An Open Source model of a bicycle agent that self-balances itself and navigates to a certain target location in a Martian Surface Environment.
- Background
- Mars Environment
- Types of Tasks
- Solution
- GUI on Spartificial website
- LICENSE
- Get Involved
The hypothetical colonization of Mars has received interest from public space agencies and private corporations, and has received extensive treatment in science fiction writing, film, and art. Reasons for colonizing Mars include curiosity, the potential for humans to provide more in-depth observational research than unmanned rovers, economic interest in its resources, and the possibility that the settlement of other planets could decrease the likelihood of human extinction. Thus for this purpose the first step is the explporation of the martian surface and many space agencies across the world have sent their rovers to mars for this purpose of exploration. Nasa's Perseverance rover is currently one of the best rovers to have been sent to Mars. But by Earth vehicle standards, the Perseverance rover is slow. By Martian vehicle standards, however, Perseverance is a standout performer. The rover has a top speed on flat, hard ground of 4.2-centimeters per second, or 152 meters per hour. This is a little less than 0.1-miles per hour. For comparison, a 3 mile-per-hour walking pace is 134 centimeters per second, or 4,828 meters per hour.

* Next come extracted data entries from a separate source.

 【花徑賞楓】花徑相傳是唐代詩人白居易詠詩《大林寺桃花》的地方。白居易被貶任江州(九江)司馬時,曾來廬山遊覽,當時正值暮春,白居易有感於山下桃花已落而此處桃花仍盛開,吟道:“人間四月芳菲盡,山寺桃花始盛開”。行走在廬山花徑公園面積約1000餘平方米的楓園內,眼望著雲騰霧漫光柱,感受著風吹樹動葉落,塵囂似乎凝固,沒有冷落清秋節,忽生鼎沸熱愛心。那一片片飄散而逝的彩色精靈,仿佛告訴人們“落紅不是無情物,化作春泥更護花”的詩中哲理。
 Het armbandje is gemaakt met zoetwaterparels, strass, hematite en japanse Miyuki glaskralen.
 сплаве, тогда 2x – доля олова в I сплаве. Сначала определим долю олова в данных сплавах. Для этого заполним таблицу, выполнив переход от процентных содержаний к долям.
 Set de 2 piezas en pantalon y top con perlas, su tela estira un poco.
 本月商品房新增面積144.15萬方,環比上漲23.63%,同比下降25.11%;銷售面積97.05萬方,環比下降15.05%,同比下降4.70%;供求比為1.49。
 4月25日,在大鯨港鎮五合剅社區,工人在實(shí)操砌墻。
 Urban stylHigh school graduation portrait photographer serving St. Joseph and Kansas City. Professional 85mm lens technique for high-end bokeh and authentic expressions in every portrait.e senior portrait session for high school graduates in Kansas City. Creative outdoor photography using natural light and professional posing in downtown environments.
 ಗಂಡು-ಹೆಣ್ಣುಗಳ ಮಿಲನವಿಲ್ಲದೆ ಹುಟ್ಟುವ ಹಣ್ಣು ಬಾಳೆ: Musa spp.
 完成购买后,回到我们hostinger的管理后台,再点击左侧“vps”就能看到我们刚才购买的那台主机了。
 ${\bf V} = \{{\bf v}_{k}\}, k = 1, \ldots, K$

So our objective is to create a bike which is able to explore the Martian Surface faster and remains energy efficient.
- SMALL PLANET: If the Sun were as tall as a typical front door, Earth would be the size of a dime, and Mars would be about as big as an aspirin tablet.
- LONGER DAYS: One day on Mars takes a little over 24 hours. Mars makes a complete orbit around the Sun (a year in Martian time) in 687 Earth days.
- RUGGED TERRAIN: Mars is a rocky planet. Its solid surface has been altered by volcanoes, impacts, winds, crustal movement and chemical reactions.
- ATMOSPHERE: Mars has a thin atmosphere made up mostly of carbon dioxide (CO2), argon (Ar), nitrogen (N2), and a small amount of oxygen and water vapor.
- MANY MISSIONS: Several missions have visited this planet, from flybys and orbiters to rovers on the surface.The first true Mars mission success was the Mariner 4 flyby in 1965.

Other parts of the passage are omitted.